Poster Presentation
Development of a Quantitative Physicochemical Model for Predicting P-glycoprotein Inhibition
Kiril Lanevskij, Development Project Manager, ACD/Labs
K. Lanevskij (1), R. Didžiapetris (1), A. Sazonovas (1)
(1) ACD/Labs, Inc., Toronto, Ontario, Canada
Human P-glycoprotein (P-gp) is a carrier protein of ATP-Binding Cassette (ABC) superfamily that is the major contributor to protection of tissues from a wide variety of xenobiotics and the principal factor behind the phenomenon known as Multi-Drug Resistance (MDR) in cancer treatment. Inhibition of P-gp activity may clinically manifest by MDR reversion and also lead to drug interactions, when a P-gp inhibitor enhances bioavailability of another co-administered drug, which is a P-gp substrate.
The inhibitory effect is usually quantified by the compound’s P-gp half-inhibitory constant IC50. However, most QSAR studies treat P-gp inhibition as a binary endpoint and only produce classification models to distinguish P-gp inhibitors from non-inhibitors at a predefined IC50 threshold value. The situation is further complicated by the fact that many experimental studies do not determine exact IC50s, but only report open intervals indicating that the compound’s IC50 is greater or less than a certain value.
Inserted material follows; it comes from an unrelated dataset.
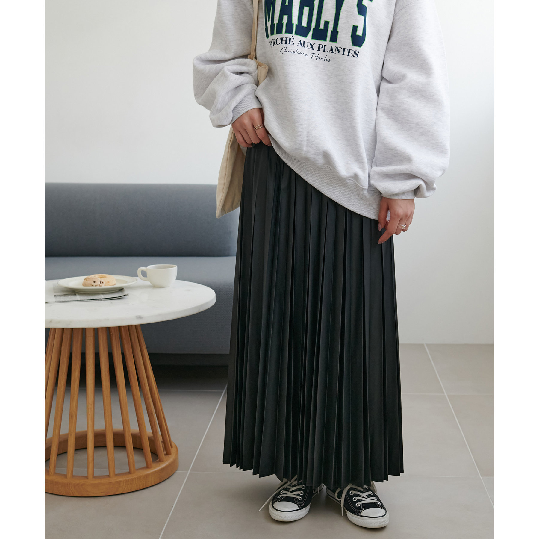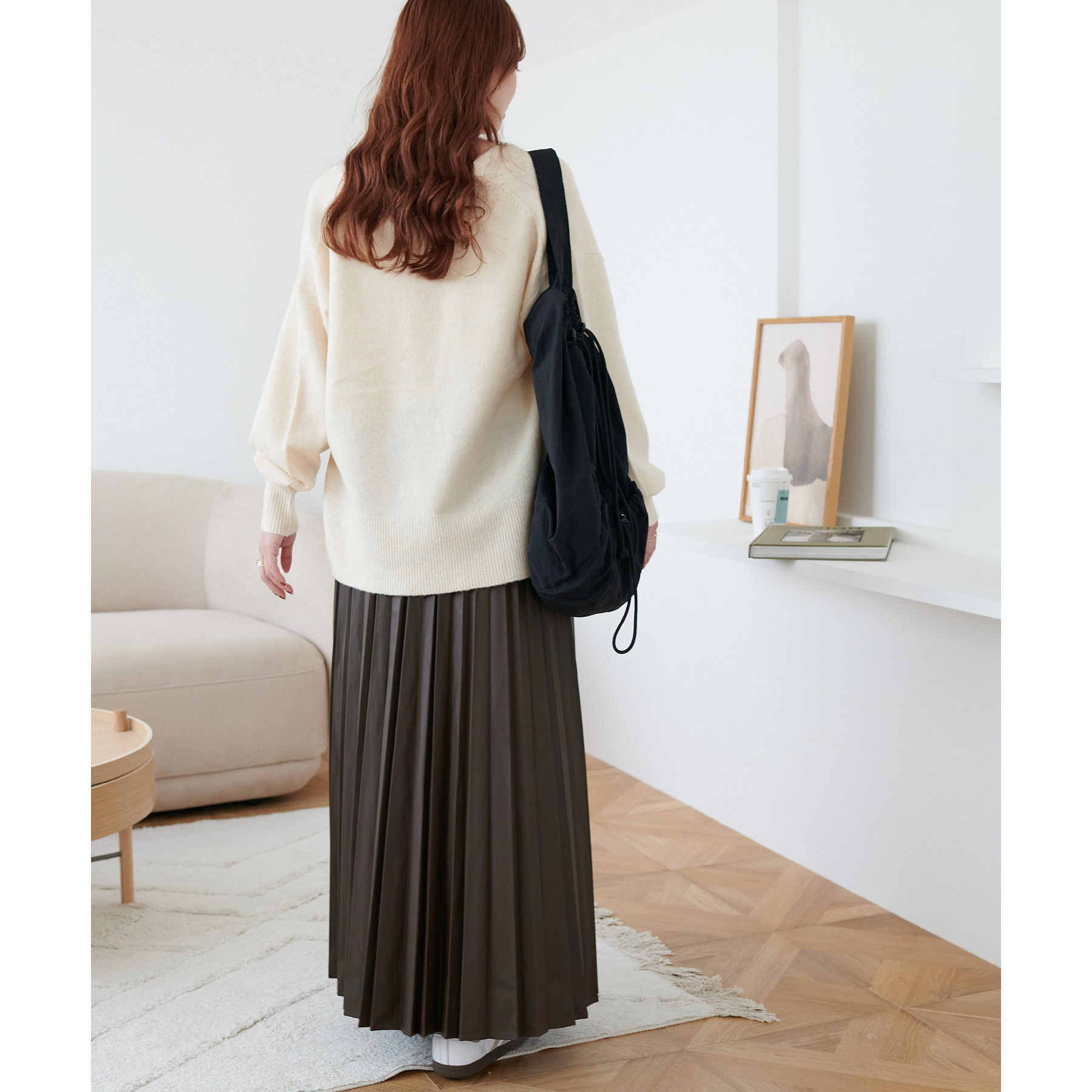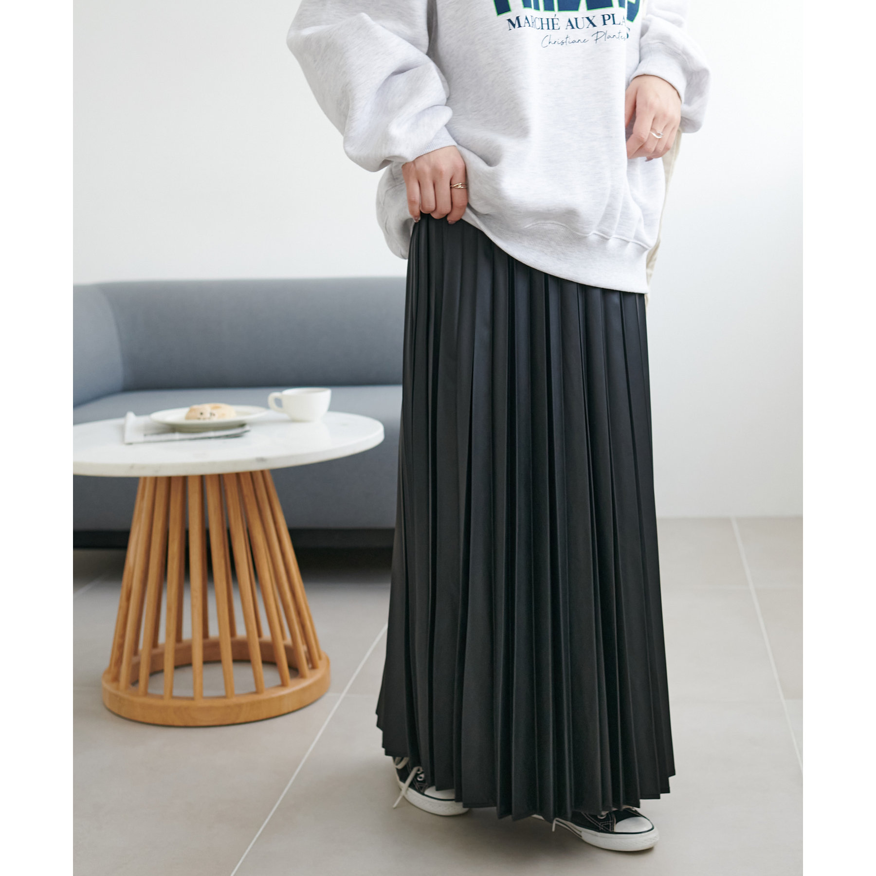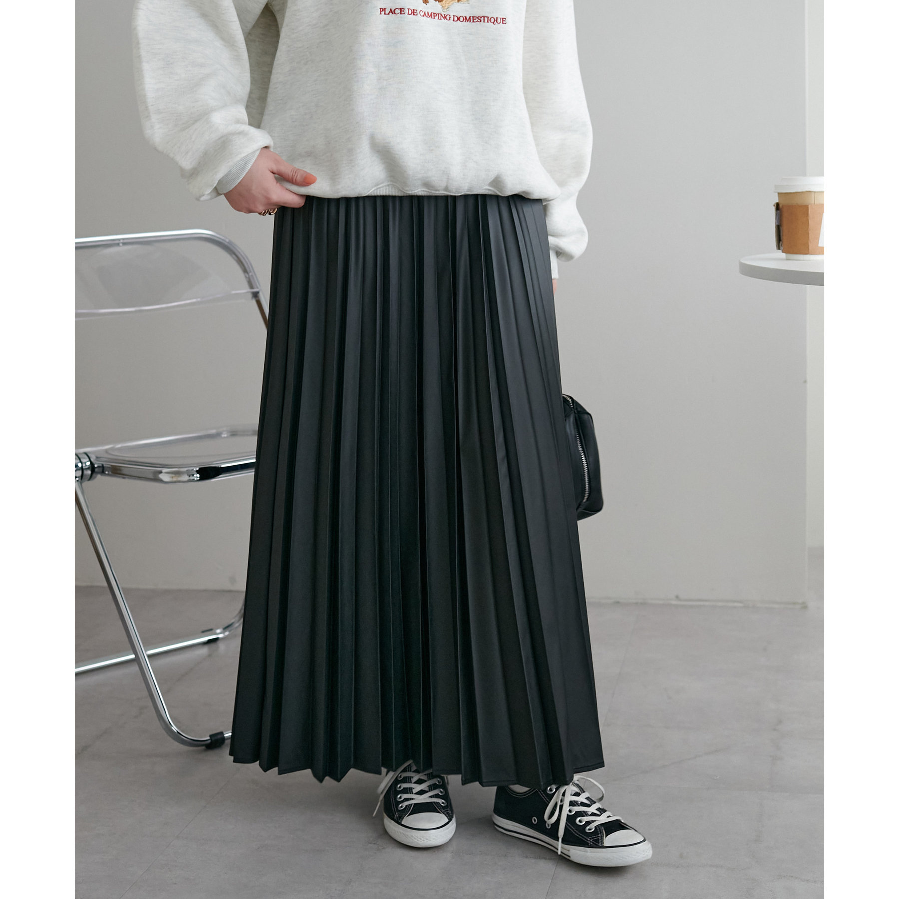 広がりすぎないシルエットとプリーツの縦ライン効果ですっきり見えし体型カバーも叶えます。

Recently, we have analyzed a P-gp efflux dataset similar in composition and demonstrated that such kind of data is amenable to quantitative modeling using censored regression-based machine learning [1-2]. Moreover, P-gp exhibits extremely broad ligand specificity, meaning that the vast majority of ligands can be identified purely by their physicochemical properties. In the current study, we investigated a similar approach for modeling P-gp inhibition using a dataset of almost 2000 compounds with exact or censored IC50 values collected from literature. According to the preliminary results, an even simpler model trained on a small subset of data with exact values and a minimal set of descriptors, accounting for lipophilicity,
ionization and topology of the molecules, can classify the remaining compounds at a threshold of IC50 = 10 μM with over 85% accuracy.
[1] Lanevskij Kiril, Didžiapetris Remigijus, Sazonovas Andrius, 2023, ‘Physicochemical QSAR Model of P-glycoprotein Efflux Ratio Based on Quantitative and Censored Data’, Toxicol Lett, 384, S118.
[2] Lanevskij Kiril, Didžiapetris Remigijus, Sazonovas Andrius, 2024,‘Physicochemical QSAR model of P-glycoprotein efflux ratio and its application to predicting brain penetration’, Toxicol Lett, 399, S144-S145.